Enfin, c’est l’amour propre de l’homme qui déséquilibre l’imagination. L’homme est contaminé par la vanité, d’où les erreurs qu’il commet. Dans «Le Statuaire et la Statue de Jupiter» extrait du livre IX des Fables on voit un cas où l’homme est victime de sa vanité. Cette fable raconte l’histoire d’un sculpteur qui voulant sculpter une sculpture de Jupiter, la sculpta si bien qu’il prit peur après l’avoir achevée. La sculpture était trop «parfaite» à son goût, l’homme fut aveuglé par sa vanité et son amour propre. La Fontaine critique explicitement avec sa morale la vanité des hommes «Chacun tourne en réalités,//Autant qu’il peut, ses propres songes://L’homme est de glace aux vérités;// Il est de feu pour les mensonges» En effet, l’homme vit dans le mensonge car il déforme la réalité sur lui-même et ne peut donc jamais atteindre la vérité.

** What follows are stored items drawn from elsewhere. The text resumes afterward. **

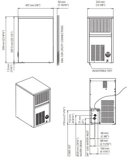 Проточного типа, водяной тип охлаждения, вместимость бункера 6 кг, производительность 20 кг/сутки, форма льда кубик bistrot (по форме напоминающие наперсток), масса кубика 20 гр.
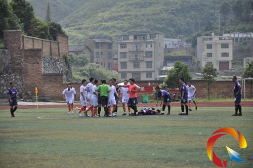 下半場開始,雙方便展開激烈競爭,在比賽進行到50分鐘的時候,由于身體接觸,場上隊員之間起了爭執,比賽一度終止。此時,場外天柱隊的一名替補隊員19號沖到場上推人被裁判和警衛攔下,主裁判立刻出示紅牌給予警告。
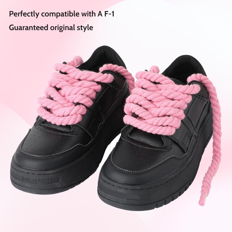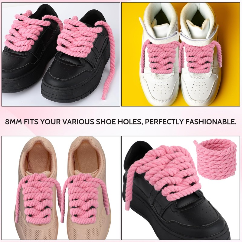 - Perfect Size: 1 pair of 8mm thick pink rope laces, 59" (150cm) long, perfect length to replace A F-1 laces, to tie 6-8 eyelets in adult sizes (no boot style). If there is excess length that does not need to be cut off, it can be left, knotted, or covered with remaining lace as desired.
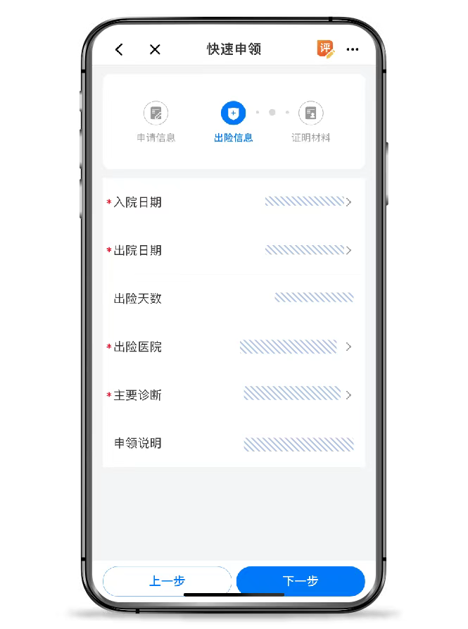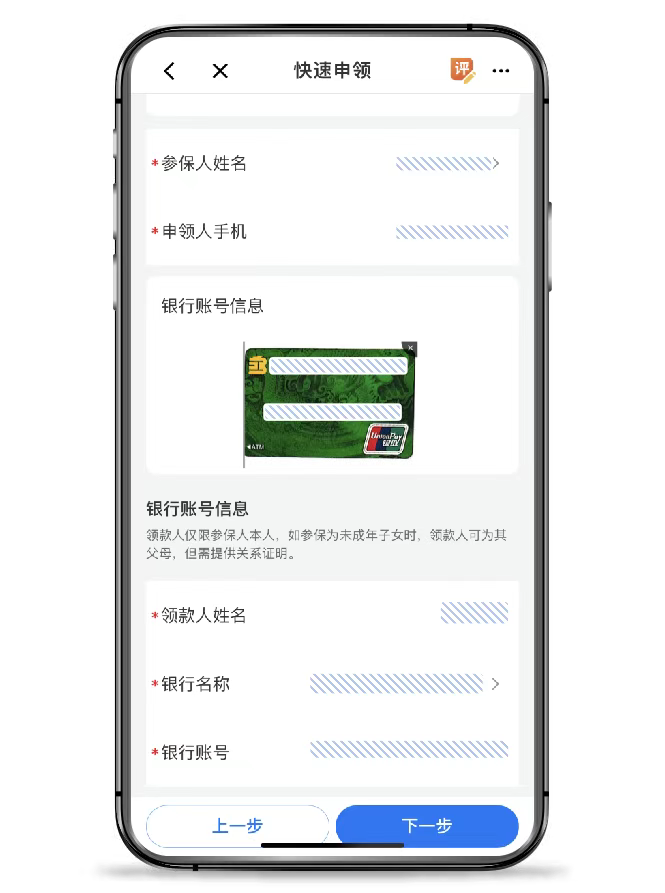4、进入快速申领界面,红色星号为必填项,填写完成后,点击下一步;

Dans notre seconde partie nous allons maintenant voir qu’en réalité, ce n’est pas l’imagination qui induit l’homme en erreur mais plutôt son défaut de jugement.
Ce n’est pas l’imagination le réel problème dans les Fables. Le réel problème c’est le défaut de jugement de celui qui en fait usage.

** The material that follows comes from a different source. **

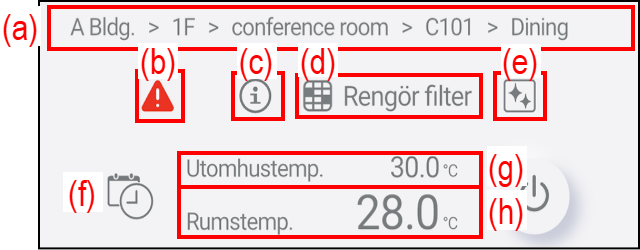 | (a) | Gruppnamn | Det visar namnet på gruppen som innehåller luftkonditioneringsapparaten. Om ingen grupp har ställts in visas inte denna post. |
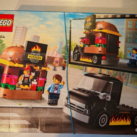 LEGO City 60404 hampurilaisauto. Setissä on kaikki osat ja minifiguurit tallessa. Voin myös purkaa osat pusseihin jos haluaa. Ohjekirjat tulevat myös mukana.

Chaque fois qu’un personnage semble être «victime» de l’imagination, en réalité il est victime de son défaut de jugement, de sa mauvaise «lecture» du monde. C’est le cas de Pérette dans «La Laitière et le pot au lait» extrait du livre VII. Alors qu’elle est sur son chemin pour aller au marché, vendre son lait, elle imagine déjà ce qu’elle va pouvoir acheter avec l’argent de la vente, de nombreuses vaches, des volailles et un cochon. Cependant, alors qu’elle est en train de rêver, elle ne fait pas attention à la réalité et trébuche. Le pot au contact du sol est donc cassé et le lait est perdu. Après être rentrée chez elle sans argent ni nourriture, la femme est battue par son mari. Son problème est qu’elle n’a pas su faire la différence entre le rêve et la réalité, ce qui a rendu le retour à la réalité d’autant plus brutal. Elle a en réalité fait preuve d’un manque d'exercice de jugement et de discernement de ce qui est vrai et de ce qui est faux. L’erreur de jugement dont il convient alors de s’éloigner et d’éviter est la confusion entre la réalité et l’imagination.
Le Fabuliste nous montre donc qu’il ne faut pas se méfier de l’imagination, bien au contraire mais qu’il faut plutôt savoir se méfier de l’absence totale de raison. Il prouve dans la fable «Un Animal dans la lune» extrait du livre VII, la place primordiale de la raison, son importance «Quand l’eau courbe un bâton, ma raison le redresse:// La raison décide en maîtresse.» L’importance de la raison est d’ailleurs soulignée par le mot «maîtresse». La raison nous permet de ne pas nous égarer dans les sentiers de l’imagination tel Pérette et de garder les pieds sur terre, en contact avec la réalité.